The study is underpinned by the public sphere paradigm, which emphasizes that language policy and planning (LPP) should be studied from the actual practices of local stakeholders/agents and communities within the local sites. This approach allows researchers to understand the complex, multilayered, and dynamic process of policy interpretation, appropriation, and implementation. The study draws on qualitative interviews with 12 English teachers from the elite English–medium schools to show how their agency and agentive responses to policy generate openings for transformative English teaching and learning practices. Agency refers to an individuals' capability to make difference to pre–existing state of affairs. The transformative acts entail teachers creating spaces for multiple languages, cultures, and identities despite strict constraints from the English–only gate–keeping regimes. Findings suggest that teachers who have critical consciousness, solid theoretical knowledge of bi/multilingual education, and critical awareness of LPP can often challenge institutional constraints to open meaningful ‘ideological and implementational spaces’ (Hornberger, 2003) for multilingual pedagogies within the hard–core monolingual institutional environments. We sum up by emphasizing that the scale of these agentive actions may appear tiny and insignificant; however, these reflexive actions showcase substantial symbolic and ideological potential for an epistemic reorientation in the field of English language education.

Disclosure statement

No potential conflict of interest was reported by the author(s).

Notes on contributors

Syed Abdul Manan holds PhD degree in Applied Linguistics. He presently serves as Associate Professor in Multilingual Education Program in the Graduate School of Education Nazarbayev University Nur-Sultan (Astana) Kazakhstan. His work on sociolinguistics, language policy and planning, Bi/multilingual Education and linguistic landscape has been published in a number of impact factor (ISI-indexed) journals.

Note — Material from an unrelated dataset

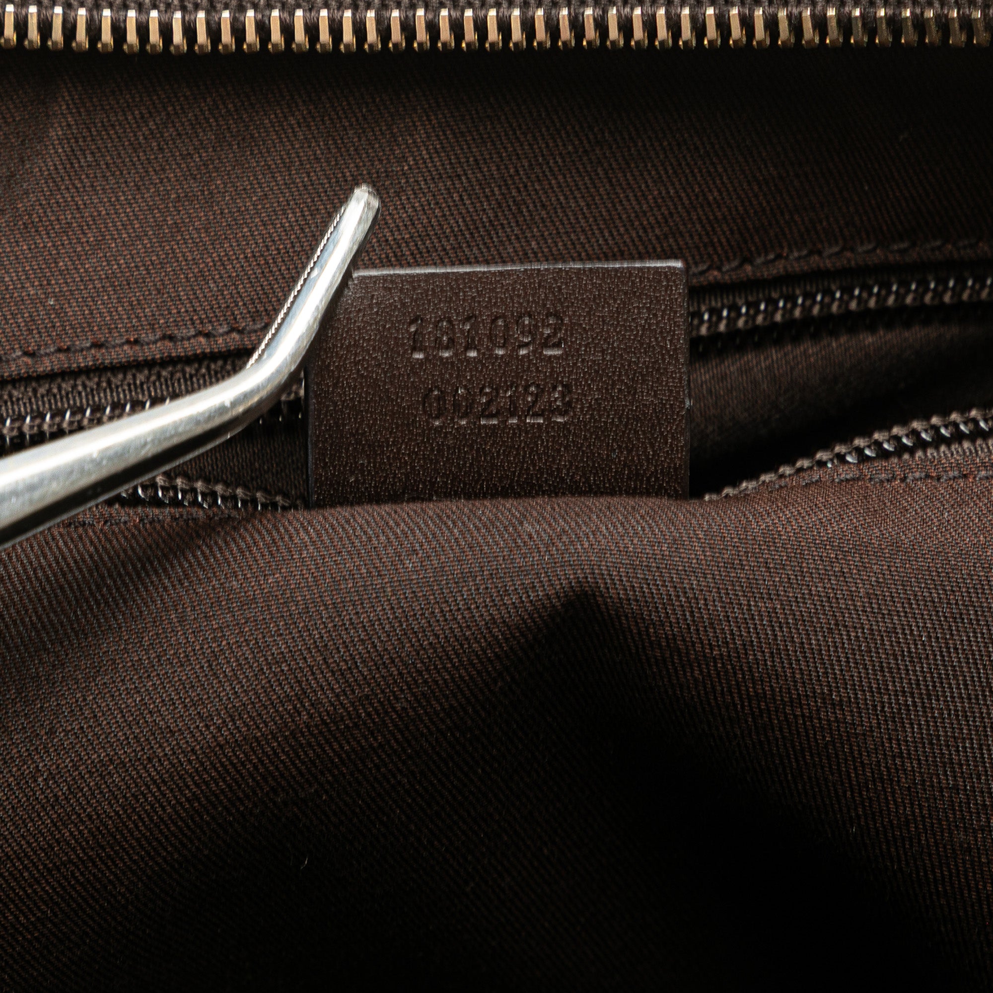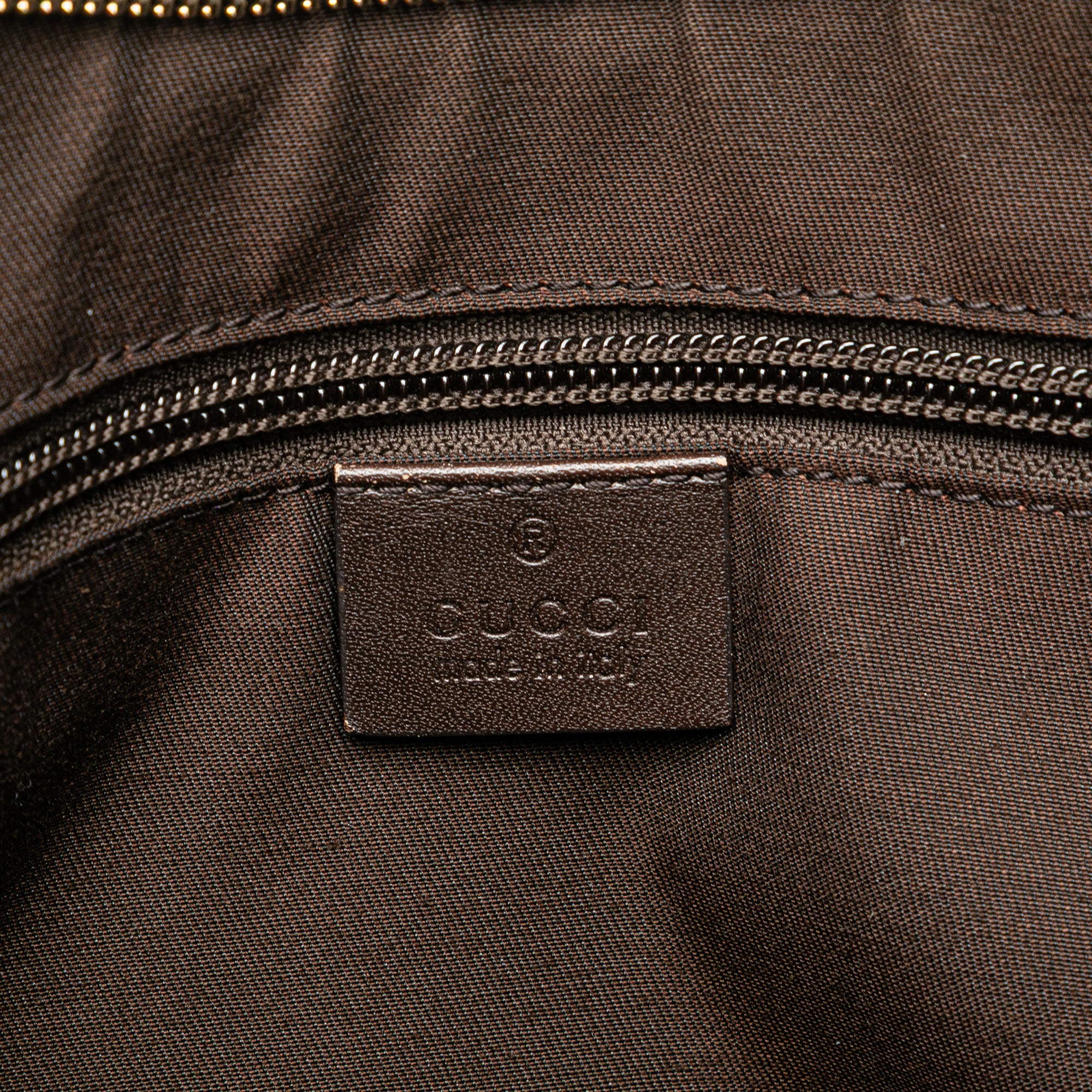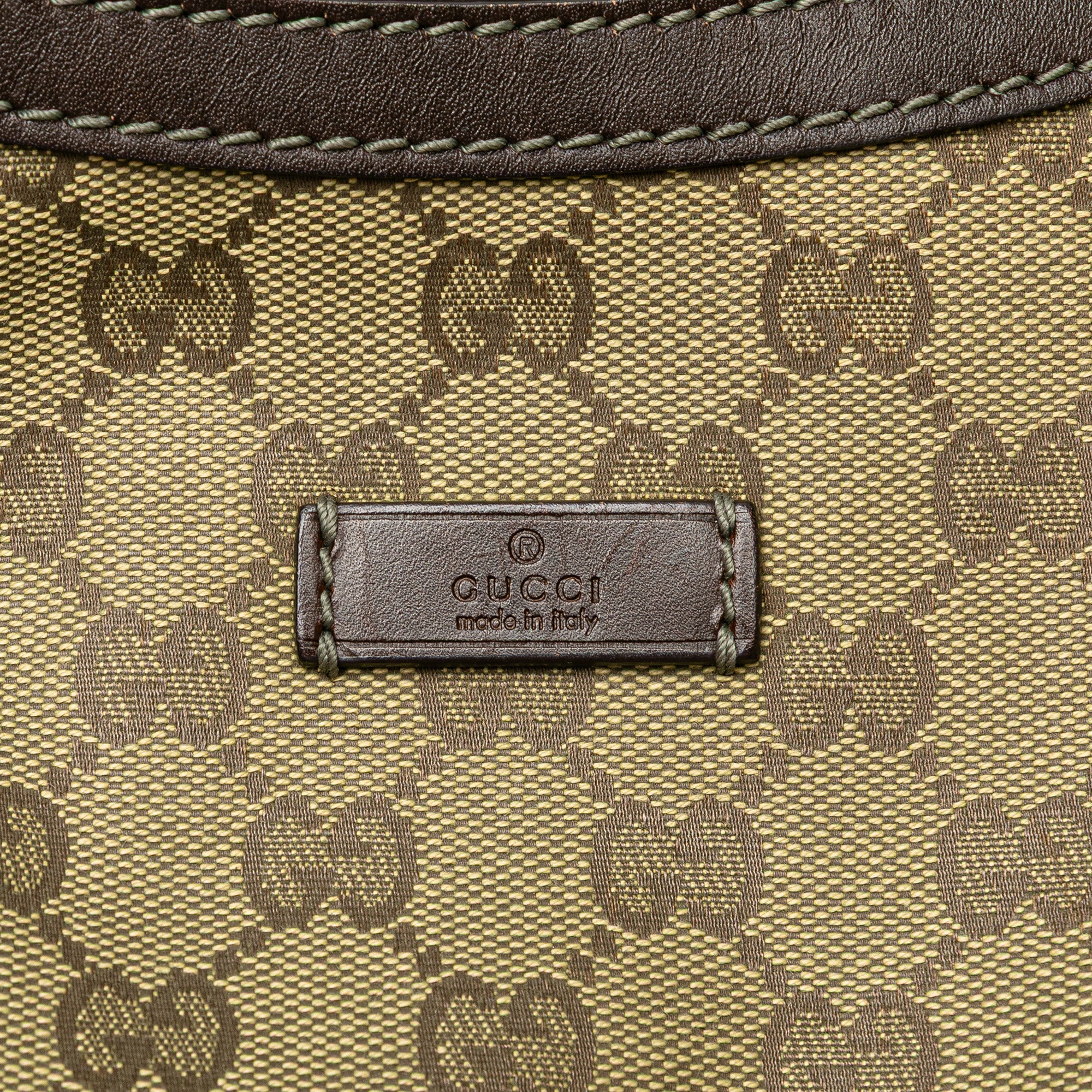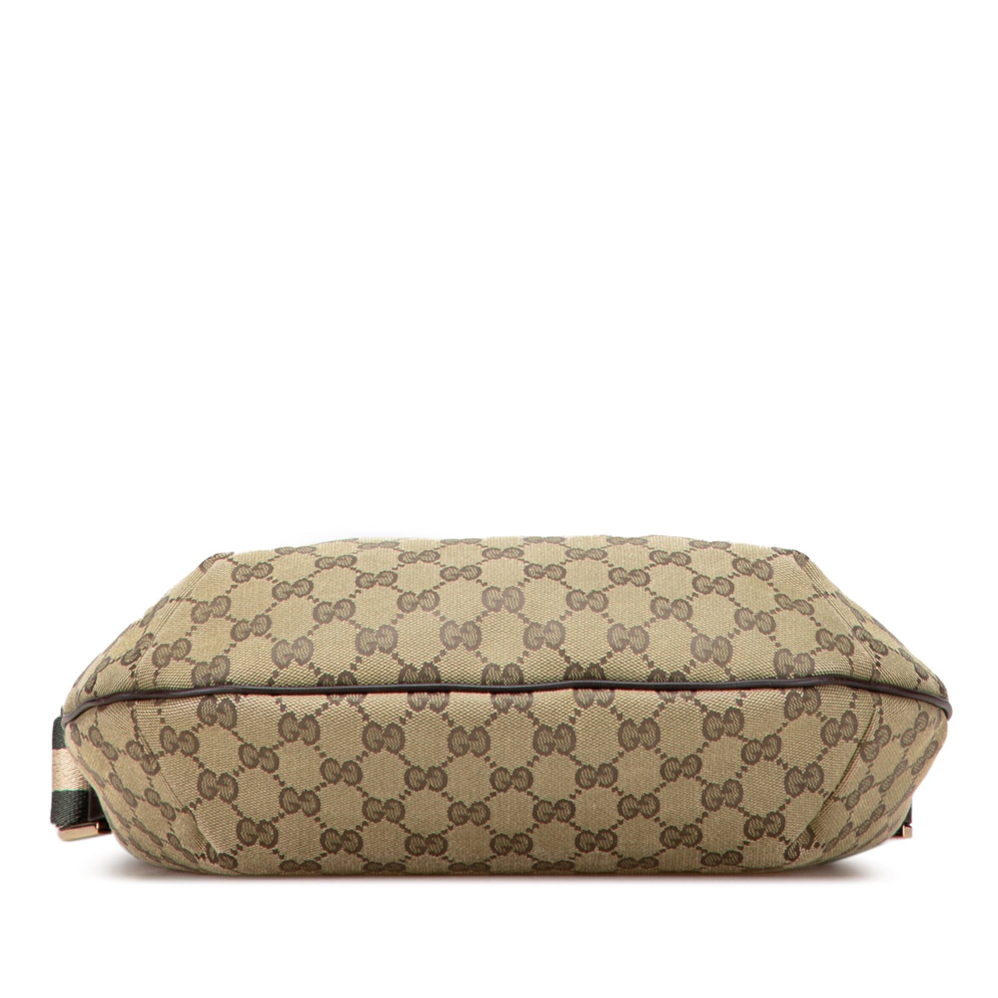 Product Details: Brown Gucci GG Canvas Web Crossbody. This crossbody bag features a canvas body with leather trim, an adjustable flat strap, a top zip closure, and interior zip and slip pockets. 9.4" L x 11" W x 1.2" D. Serial number 181092 002123.

Liaquat Ali Channa holds PhD degree in Applied Linguistics. He presently serves as Associate Professor in the Department of English, Balochistan University of IT, Engineering & Management Sciences (BUITEMS), Quetta, Pakistan. His research work has been published in prestigious research journals.

Maya Khemlani David holds PhD degree in Sociolinguistics. She has been working as a Professor in the Faculty of Languages & Linguistics, University of Malaya, Malaysia. She is currently affiliated with the Humanity Cluster, University of Malaya as a researcher, and works as Honorary Academic Consultant, London College of Clinical Hypnosis. She is a widely published scholar in sociolinguistics and language policy and planning.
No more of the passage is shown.